Installation and setup: see Getting Started
User interfaces and APIs: see User Interfaces
Performance optimization techniques: see Performance Optimization
Specific model runners: see Model Runners and Tasks
Hardware platform support: see Hardware Platform Support

Sources: README.md1-19 README_zh.md1-19

System Architecture

LightX2V is organized into five distinct architectural layers, each serving a specific purpose in the inference pipeline:

Layer 1: Entry Points - Five different interfaces provide access to the framework, from direct Python API usage to production-ready distributed servers.

Layer 2: Core Framework - The LightX2VPipeline class orchestrates the entire generation workflow, managing configuration, runner selection, and optimization application. The RUNNER_REGISTER implements a factory pattern for model-specific runner instantiation.

Layer 3: Model Runners - Task-specific runners inherit from BaseRunner and DefaultRunner to implement model-specific inference logic. Each runner handles its model family's unique requirements while maintaining a consistent interface.

Layer 4: Model Components - Reusable components including transformer models, input encoders (text, image, audio), VAE encoder/decoders, and diffusion schedulers. These components are shared across different runners where applicable.

Layer 5: Optimization & Hardware - Cross-cutting optimization features (quantization, offloading, caching, parallelism) and hardware abstraction through lightx2v_platform enable deployment across diverse hardware backends.
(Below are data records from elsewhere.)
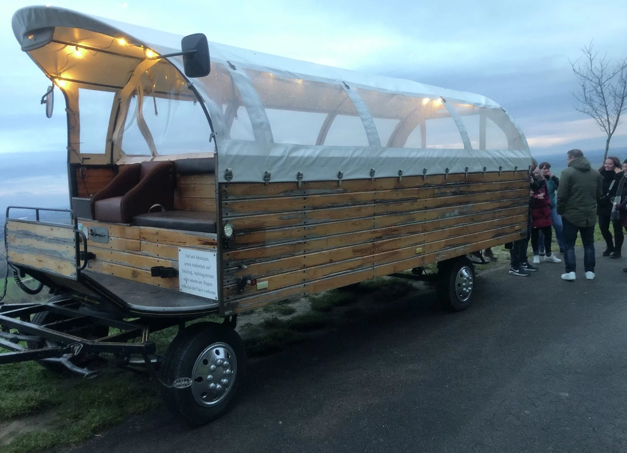 Wir fahren Sie in gemütlicher Runde durch unsere Weinberge, in Gruppen von 8 - 22 Personen , mit Blick in den Schwarzwald, die Vogesen und den Kaiserstuhl. Selbst ein Blick auf das Freiburger Münster ist mit dabei. Zeit: 1,5 bis 2 Stunde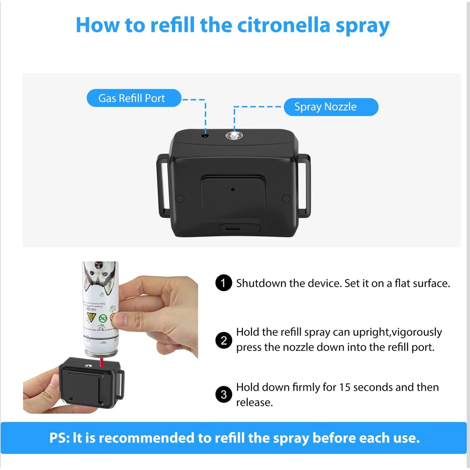 - Bark control collar automatically detects when your furbaby barks and emits a citronella spray burst to stop the behavior.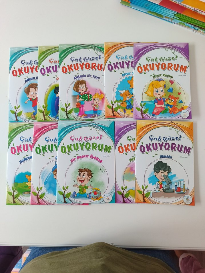Renkli kapaklara sahip, erken okuma için eğlenceli hikayeler içeren "Çok Güzel Okuyorum" çocuk kitap seti.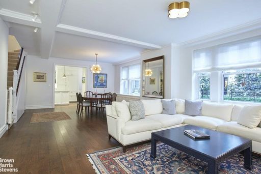 Move right in to this beautifully renovated and impeccably maintained 3br 2.5ba pre-war home in the heart of the Upper East Side. The reconfigured layout is ideal for today's living, with a large living/dining room spanning over 31ft with 8 windows flanking the north and south walls, and a large open eat-in kitchen that can be closed off by pocket doors while entertaining. The kitchen also features north and south exposures, paneled SubZero and Viking appliances, marble countertops, a large island, and a breakfast nook with built-in banquette boasting additional storage. Also on this main level is a Hearth Cabinet fireplace, custom built-ins, a renovated powder room, a Miele W/D hidden behind millwork, and a cleverly-concealed and beautifully-designed bar with a SubZero wine refrigerator. The bedroom wing is located upstairs, where you will find 3 bedrooms and 2 full windowed bathrooms, including an exquisite marble-clad en-suite primary bathroom with double vanity. Sleep soundly in this pin-drop quiet space and enjoy great light and charming views overlooking exquisite townhouse gardens with lush landscaping. This home also features high ceilings, through-the-wall A/C in every room concealed behind attractive millwork, hardwood floors, custom closets, and electronic shades. The apartment transfers with a large walk-in storage unit that is included in the maintenance.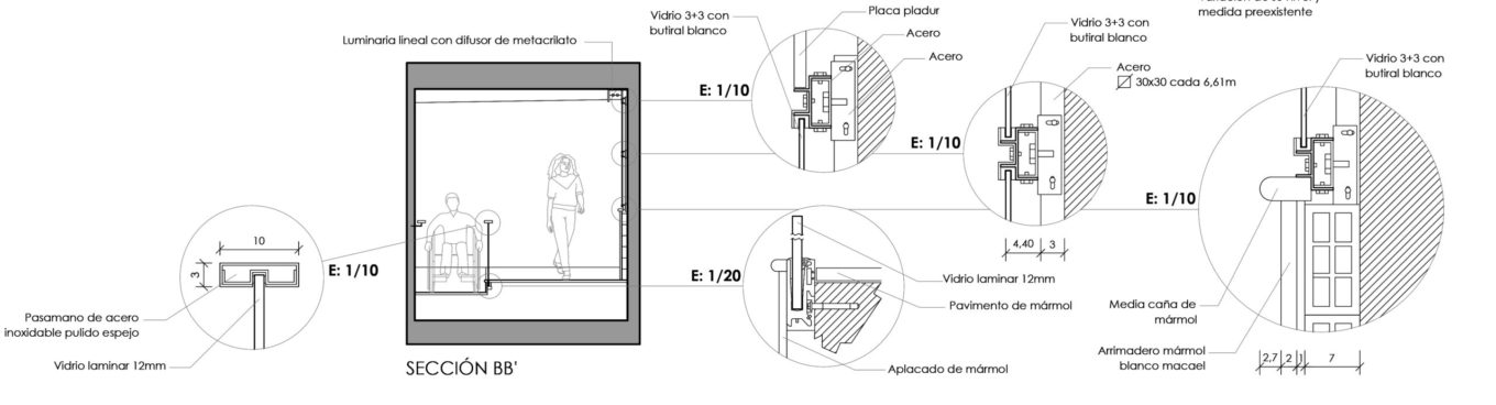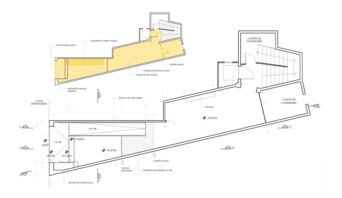 En la reforma del vestíbulo se ha planteado la inclusión de una nueva rampa de acceso para facilitar la accesibilidad.

Sources: README.md1-340 High-level Diagram 1

Supported Model Families and Tasks

LightX2V integrates multiple state-of-the-art model families, each optimized for specific generation tasks:

Model Family	Primary Tasks	Key Features	Runner Classes
WAN 2.1/2.2	T2V, I2V, S2V	Audio-driven video, MoE architecture, distilled variants	`WanRunner`, `WanAudioRunner`, `Wan22AudioRunner`, `WanDistillRunner`
Qwen-Image	T2I, I2I	Vision-language models, layered generation, image editing	`QwenImageRunner`
Z-Image	T2I, I2I	Fast turbo variants, Qwen3 text encoder	`ZImageRunner`
HunyuanVideo 1.5	T2V, I2V	720p support, 4-step distillation, LightTAE support	`HunyuanVideo15Runner`
LTX-2	T2AV, I2AV	Simultaneous audio+video generation, multi-stage pipeline	`LTX2Runner`
LongCat	T2I, I2I	High-resolution image generation	`LongCatImageRunner`
CausVid	T2V	Autoregressive generation with KV cache	`WanCausVidRunner`

Task Type Definitions

T2V: Text-to-Video - Generate video sequences from text descriptions
I2V: Image-to-Video - Animate static images into video sequences
S2V: Speech-to-Video - Generate videos driven by audio/speech inputs
T2I: Text-to-Image - Generate images from text descriptions
I2I: Image-to-Image - Edit or transform existing images
T2AV: Text-to-Audio+Video - Generate synchronized audio and video from text
I2AV: Image-to-Audio+Video - Generate audio+video from image conditioning

The WAN family is the most extensively featured, particularly the audio-to-video (S2V) capability which is unique among open-source models. The framework also provides distilled and quantized variants across multiple model families, enabling 4-step inference instead of the standard 40-50 steps.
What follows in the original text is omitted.